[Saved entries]
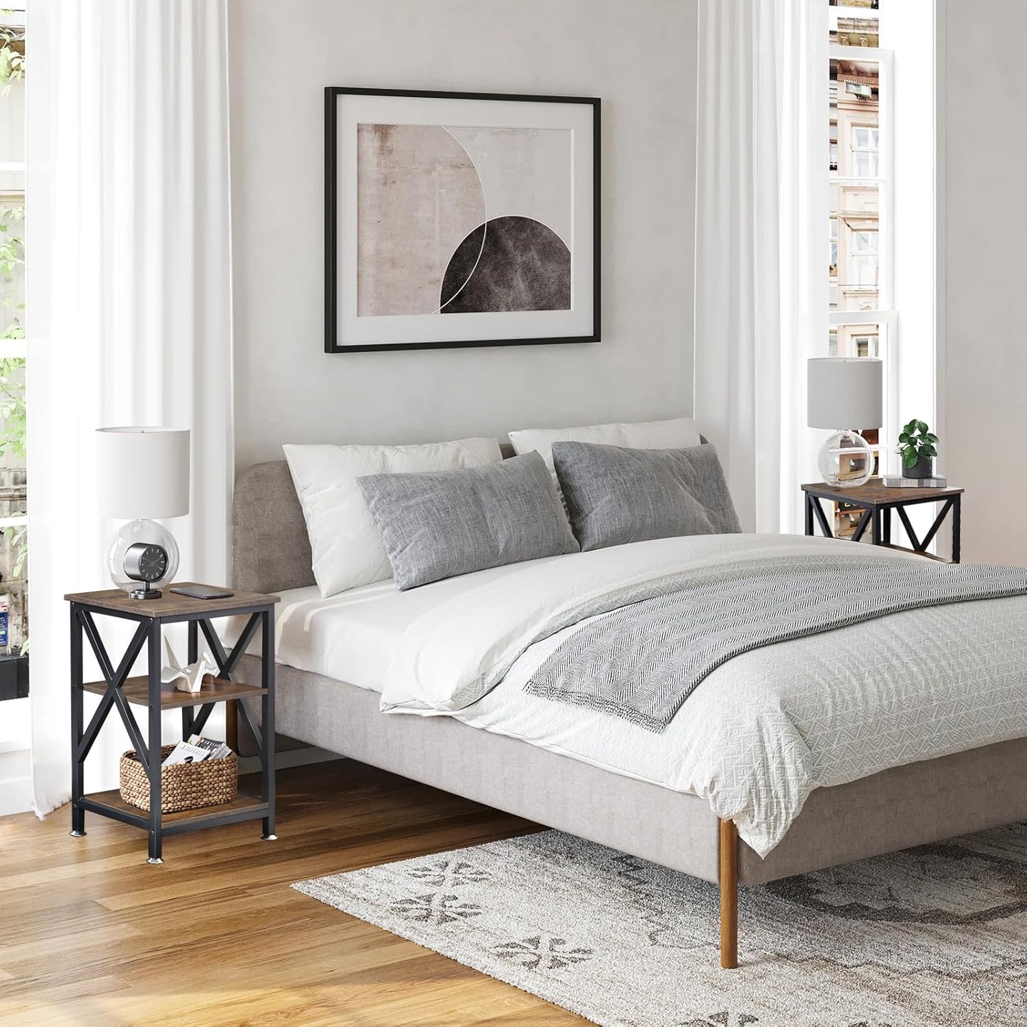 - ✔End Tables Set of 2- 3-tier end tables living room set of 2 with stable X-shaped structure, ideal as sofa side table, bedside table, coffee table, storage rack, etc.
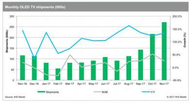 據IHS統計,全球OLED電視出貨量自2016年11月至2017年11月增長了130%,并創下27萬臺的新月度銷量紀錄。IHS表示,55英寸4K OLED電視的價格下降使其被更多假日購物者列入了采購清單。
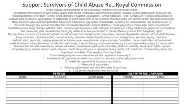 The petition of the citizens of New South Wales calls on the Australian Government to support Survivor Justice Rights Now! Survivors are Aboriginal Stolen Generation, Former Child Migrants, Forgotten Australians, Forced Adoptions, LGBTIQPNSGDA+ people born outside of wedlock who as children were placed in institutions or some other form of out-of-home care during the 20th century and is still happening today. Many survivors who seek compensation have been silenced by gag orders. Inadequate, to almost no compensation has been received by Survivors through any avenue including the complicated National Redress Scheme. These gag orders create legal barriers to prevent perpetrators from being charged with the crime. Survivors get threatened with 100-year jail sentences if they break these gag orders to speak up. The community gets prevented by these gag orders from being educated to prevent these injustices from happening again.
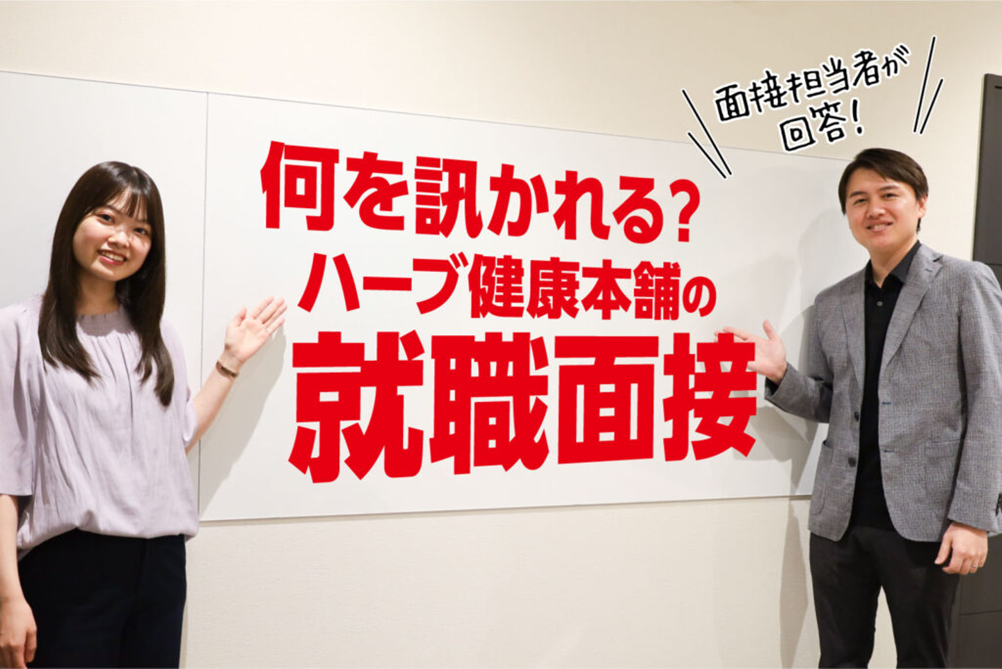就職面接のお悩みに少しでもお力になれるよう、ハーブ健康本舗の現役人事である山川・高原が立ち上がります。面接担当官として、日々多くの面接の現場に立ち合うふたりが、ハーブ健康本舗の就職面接について解説!
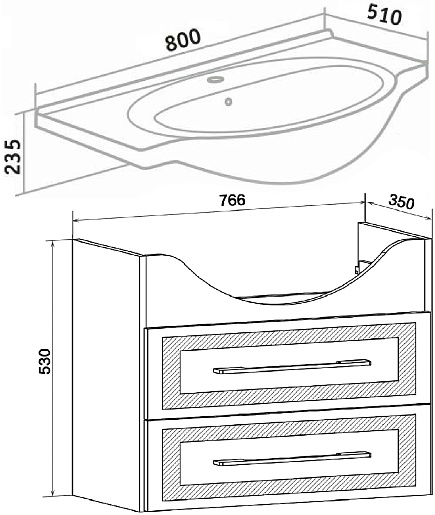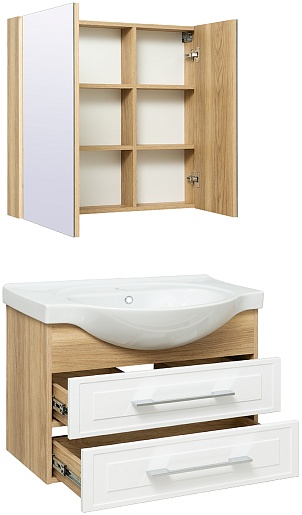 В комплекте: тумба, раковина, зеркальный шкаф, крепеж.
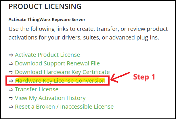 - To start, login to your My Kepware account and select Hardware Key License Conversion on the home page.
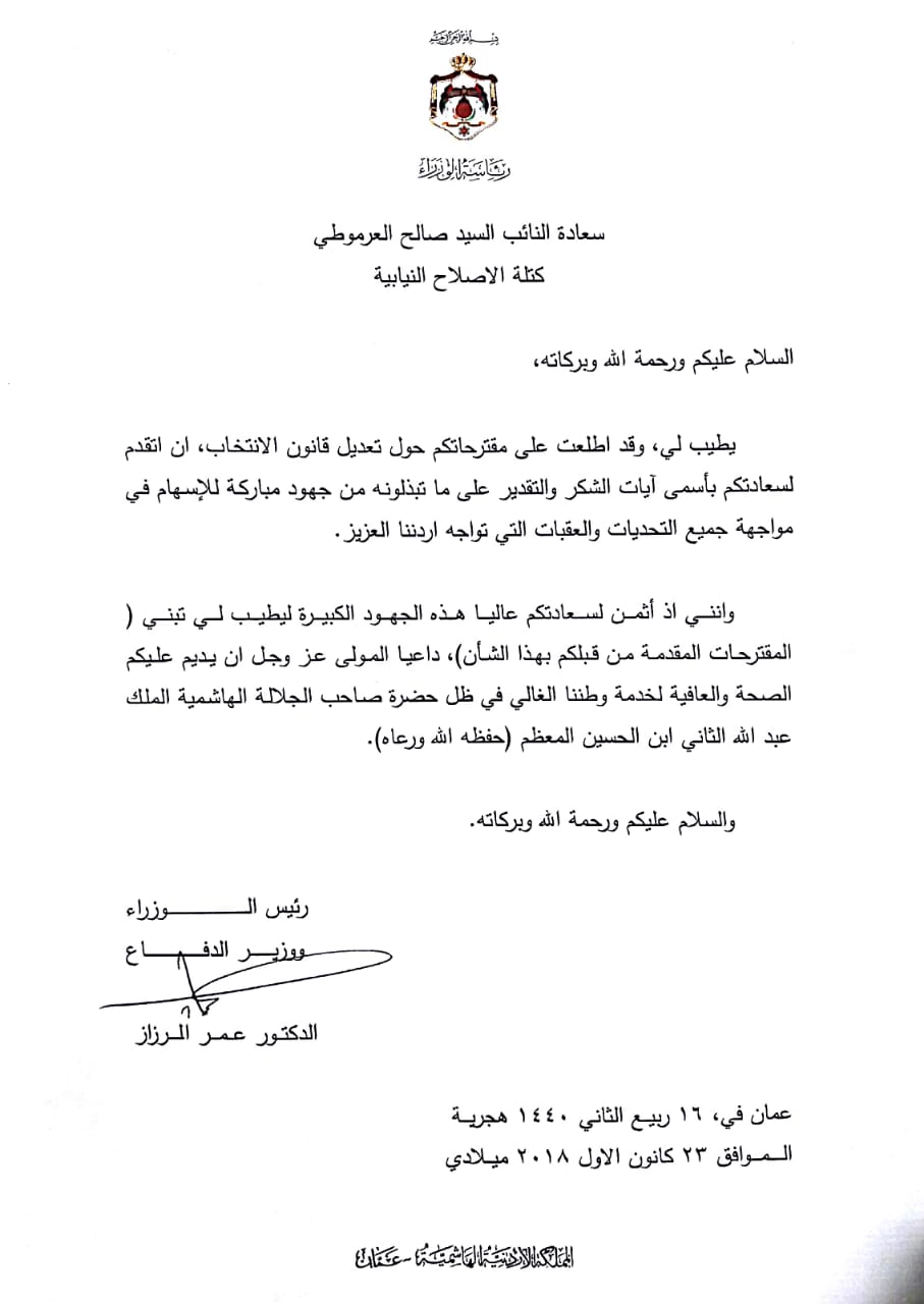 - خاطب رئيس الوزراء الدكتور عمر الرزاز النائب صالح العرموطي (كتلة الإصلاح النيابية) بتبني المقترح المقدم منه والذي قدمته الكتلة لتعديل قانون الانتخابات النيابية.
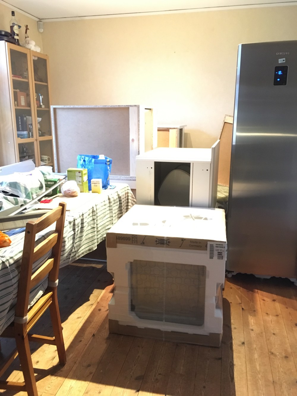 Idag kom köksutrustningen! Inte är det klart till att sätta in än, så allt står lavat i resten av huset. Vi är lite trångbodda, och lever på micro-mat, men allt har ett slut, så även denna renovering!
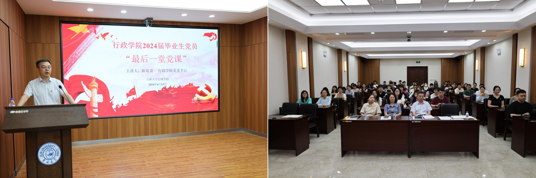 学院党委书记陈希贵始终高度重视学生党员队伍建设,亲自参与学生党员教育管理帮扶激励,与学生入党申请人和新发展学生党员谈话耐心细致、语重心长。毕业在即,陈希贵再次走上讲台,为毕业生党员讲授毕业前“最后一堂党课”。陈希贵领学习近平总书记关于纪律建设的重要论述,分享部分“七一勋章”获得者事迹,剖析党员与群众的辩证关系,勉励毕业生党员对党和人民要忠心耿耿、对工作要尽职尽责、对群众要满怀真情、对成绩要谦虚谨慎。“最后一堂党课”寄托了学院党委对毕业生党员的殷切希望,陈希贵向毕业生党员提出三点希望,要坚定理想信念、常固理论根基、严守党规党纪,做政治上的“明白人”;二是高度珍视组织关系,要及时办理转接、妥善保管档案、过好组织生活,做支部里的“正规军”;三是带头发挥模范作用,要培养高尚情操、提高业务能力、彰显吉大风采,做社会中的“排头兵”。

__What the task requires__
From the records above, transcribe exactly the lines starting at the one containing "В комплекте: тумба, раковина, зеркальный" and ending at the one containing "Idag kom köksutrustningen!". Skip the pictures.

__Problem solution__
 В комплекте: тумба, раковина, зеркальный шкаф, крепеж.
 - To start, login to your My Kepware account and select Hardware Key License Conversion on the home page.
 - خاطب رئيس الوزراء الدكتور عمر الرزاز النائب صالح العرموطي (كتلة الإصلاح النيابية) بتبني المقترح المقدم منه والذي قدمته الكتلة لتعديل قانون الانتخابات النيابية.
 Idag kom köksutrustningen! Inte är det klart till att sätta in än, så allt står lavat i resten av huset. Vi är lite trångbodda, och lever på micro-mat, men allt har ett slut, så även denna renovering!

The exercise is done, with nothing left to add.